The dependable cast, led by Paula Pizzi as a brittle accountant and John Ortiz as her ambitious husband, has a strong sense of humor that aids and abets the proceedings. Yetta Gottesman brings a disarming girlishness to her role as an underconfident actress-S&M enthusiast, while Florencia Lozano finds real, needy emotion behind her character's anal-retentive sniping. It's no surprise that Shanley gets a little overrun by his actors, because he directs like a writer - he doesn't know when to play against his own words.

He also doesn't pay much attention to the specifics of place in staging a scene (although he manages one astonishing coup de theatre that's worth the price of admission).

And the script still has wrinkles that need some ironing. The maudlin ending feels tacked on, and there's a kind of tit-for-tat pop psychology at work that seems oversimplified. But even as a work in progress, "Where's My Money?" is surprising, entertaining and funny enough that we'll happily go along for the ride.




Associated Press

Where's My Money?' a Vocal Slugfest
by Michael Kuchwara, AP Drama Critic

NEW YORK (AP) - There's nothing like a good argument to set theatrical juices flowing. And ``Where's My Money?'' is a verbal slugfest put together by an expert at comic and not-so-comic mayhem, John Patrick Shanley.

The play, which the Labyrinth Theater Company has opened at Center Stage/NY, revels in over-the-top combat, the kind of intense outbursts that can only be committed by people who know each other all too well.

Shanley has done this sort of thing before: on stage in ``Danny and the Deep Blue Sea'' and on film in ``Moonstruck,'' for which he won a best screenplay Oscar. He writes acidic, often very funny dialogue that ping-pongs somewhere near the speed of light between actors.

Fortunately, Shanley, who also directed (a mite too indulgently), has put together a cast nimble enough to handle the high velocity.

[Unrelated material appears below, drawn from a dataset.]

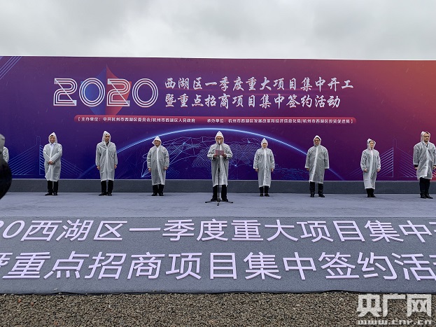 央廣網杭州3月27日消息(記者王權 謝夢潔 通訊員高靜瑋 鄭潔)3月27日,杭州市西湖區舉行2020年一季度重大招商項目集中簽約暨重大項目集中開工活動。儀式上共有40個重點招商項目簽約落戶,涉及總投資171億元,涵蓋數字經濟、新制造業、文化創意、生物醫療等多個產業領域。

For much of the time, ``Where's My Money?'' deals with a pair of married couples, each with unraveling relationships.

Sidney is a divorce lawyer, cheating on his wife, Marcia Marie, with Celeste, a would-be actress who has a limp. This slight disproportion between her left and right hip certainly hinders her marketability, according to best friend Natalie.

Natalie is one of those close companions whose obnoxious good intentions always have bad results. She advises Celeste about her affair. To complicate matters, Natalie is married to Henry, Sidney's colleague, so things get a little close. Natalie and Henry have hit a rocky patch, too, with the woman haunted by what appears to be the ghost of her ex-lover.

Are you following all this? The various plot permutations are not as important as what is being said. Shanley's fierce martial conversations don't allow for much character development.

Yet David Deblinger and Florencia Lozano, as the squabbling Sidney and Marcia Marie, are astonishing in their gladiatorial skills as well as in their decibel level.

Yetta Gottelsman brings a rare moment of sweetness to the used and abused Celeste, while John Ortiz and Paula Pizzi spar effectively as couple number two.

The evening is short, less than 90 minutes, but it's relentless - at least until the final moment when the play fizzles in an unexpectedaccommodation that is as unsatisfying as it is unlikely.

Maybe by then, the characters, not to mention the actors, are exhausted and in serious need of quiet. So is the audience.